Déjà prête à pleurer, elle voulut discuter mais la Princesse les avait rejoints :
— Venez, ma… fille ! engagea-t-elle gentiment en prenant son bras. Vous avez, vous aussi, besoin de paix… et aussi de prier !
— Il est si mal que cela ?
— Un malade, même s’il ne souffre que d’un rhume, a toujours besoin des prières de ceux qui l’aiment. Je vais vous confier à vos femmes, ensuite de quoi je vais prévenir cette excellente Mme Bouthillier1 qui vous a élevée dans son château des Barres et qui vous aime comme sa fille. Je pense qu’elle pourrait passer quelque temps ici ! Venez !
La voix n’était que douceur, mais le ton ferme.

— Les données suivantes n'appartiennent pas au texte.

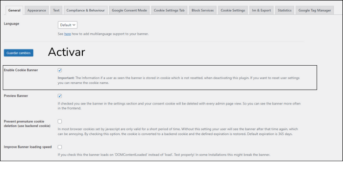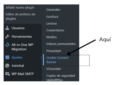 4. Luego accedemos a la pestaña de Ajustes > Cookie Consent Banner.

Claire-Clémence se laissa conduire sous l’œil mécontent de son beau-père.
— Pourquoi la renvoyez-vous ? Elle a raison, après tout ! Elle est sa femme !

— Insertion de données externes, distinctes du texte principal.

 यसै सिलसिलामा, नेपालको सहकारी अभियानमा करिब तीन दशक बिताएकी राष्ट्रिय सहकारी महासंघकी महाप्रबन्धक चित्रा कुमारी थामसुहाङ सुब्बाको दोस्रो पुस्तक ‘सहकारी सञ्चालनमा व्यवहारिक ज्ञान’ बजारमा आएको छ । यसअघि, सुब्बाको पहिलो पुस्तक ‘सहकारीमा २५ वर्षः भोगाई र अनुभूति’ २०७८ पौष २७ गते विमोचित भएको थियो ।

— Selon la loi des hommes et celle de Dieu, certes… mais pas selon la nature !
— Vous entendez par là qu’elle est encore vierge ?

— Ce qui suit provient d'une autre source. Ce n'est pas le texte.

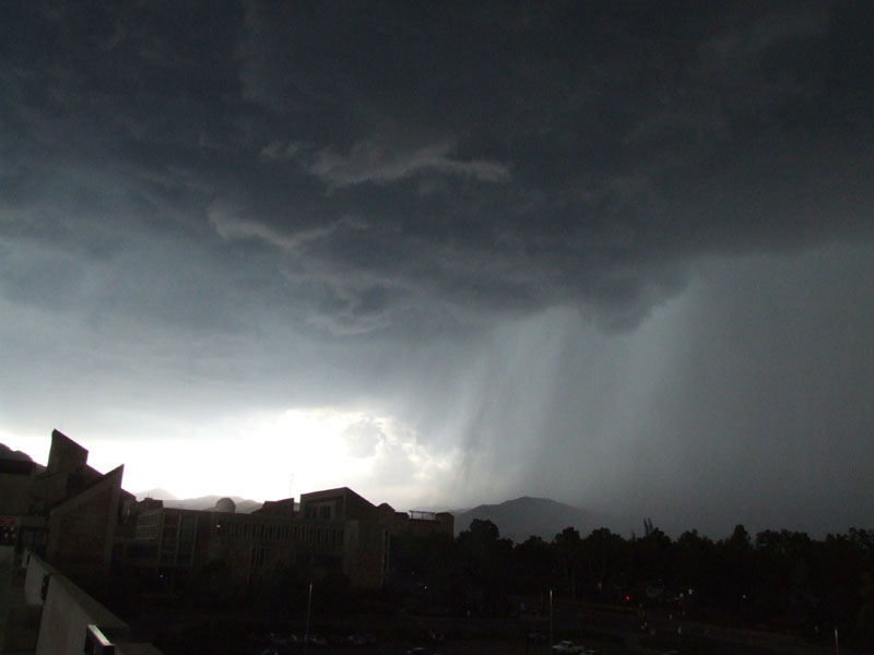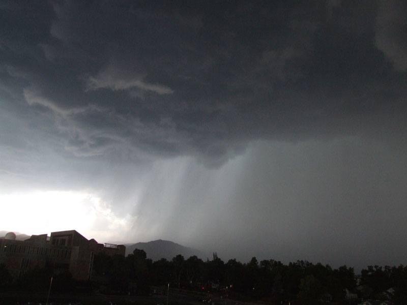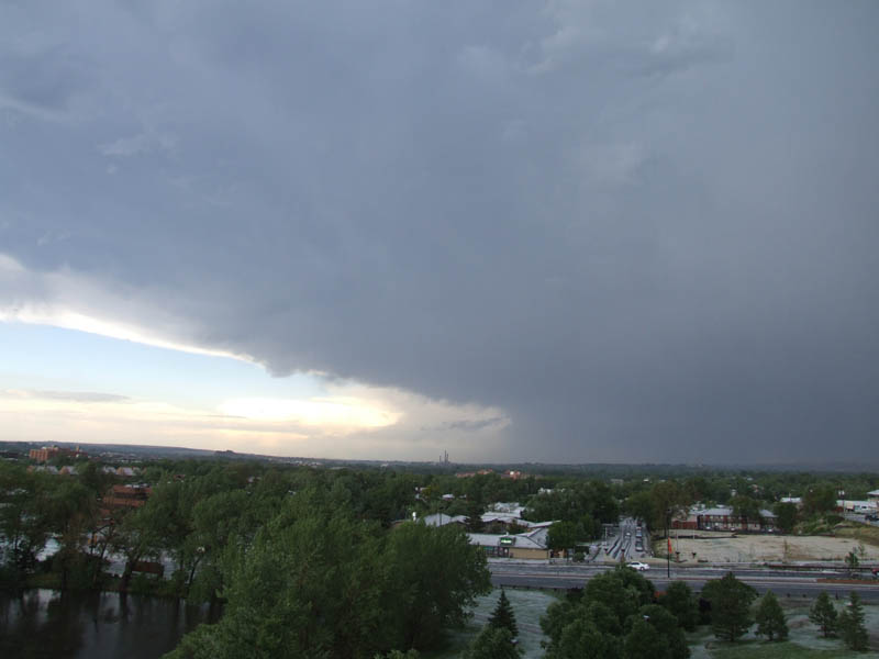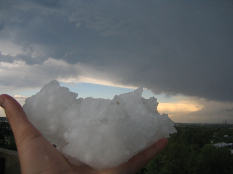 The storm was quite high based and had no wall cloud or gust front. Interestingly, the precipitation core was almost transparent for some time probably due to relatively high hail content as well as the storms high base allowing light to penetrate the precipitation core. The storm did have a very large rain free base and of interest was what appears to be a clear slot formed from the rear flank downdraft. Moderately strong south easterly inflow was observed which increased in strength with the approach of the storm. The wind quickly swung around to the north as outflow from the forward flank down draft hit with gusts of approximately 80-100 km/hr. Within the precipitation core heavy rain and a substantial amount on hail was experienced. The hail observed was very soft with the consistency more of wet snow and maximum hail size in my location was only approximately 1cm. Flash flooding also occurred throughout Boulder however no major damage was reported as a result. In other areas, hail up to 1.75 inches was reported and minor damage as a result of strong outflow winds occurred.

— Oh ! Sans nul doute. Votre Altesse espérait-elle sincèrement une conclusion à cette nuit ? répliqua le médecin.
Condé haussa les épaules en tirant machinalement les poils jaunâtres et clairsemés qui lui tenaient lieu de barbe et toussota :
— Hum ! Je sais que cet âne bâté a clamé à tous vents qu’il ne toucherait pas à sa femme afin de pouvoir se démarier après la mort de M. le Cardinal, mais je pensais qu’une fois au lit…
— Avec une fillette impubère, plutôt laide et encore dépourvue de formes ? Cela aurait tenu du miracle, monseigneur !
— Bien, bien… Mais M. le Cardinal sera fort mécontent ! Laissez-la au moins rester auprès de lui dans la journée…
— Pour qu’elle risque d’entendre ce que le délire laissera échapper à notre malade ?
— Et alors ? demanda Mme de Condé qui les avait rejoints.
— C’est simple ! L’état où nous voyons Monsieur le Duc provient de l’aversion que lui inspire son épouse. C’est peu de dire qu’il ne l’aime pas : elle lui fait horreur ! Moins il y aura de personnes autour de ce lit, mieux ce sera pour tout le monde. Si d’aventure certains échos venaient aux oreilles de Son Eminence, cela pourrait déplaire ! J’ajoute pour en terminer que l’on entend parfois le nom d’une autre dame2 …
— Mais va-t-on pouvoir le sauver ? pria la mère, les yeux noyés de larmes.
Bourdelot hocha la tête avec une réelle compassion :
— C’est le secret de Dieu, Madame la Princesse ! C’est à nous que revient la lourde charge de tirer Monsieur le Duc de ce mauvais pas. Il est jeune, bâti à chaux et à sable et jusqu’à présent sa santé était parfaite. Il faut qu’il la recouvre.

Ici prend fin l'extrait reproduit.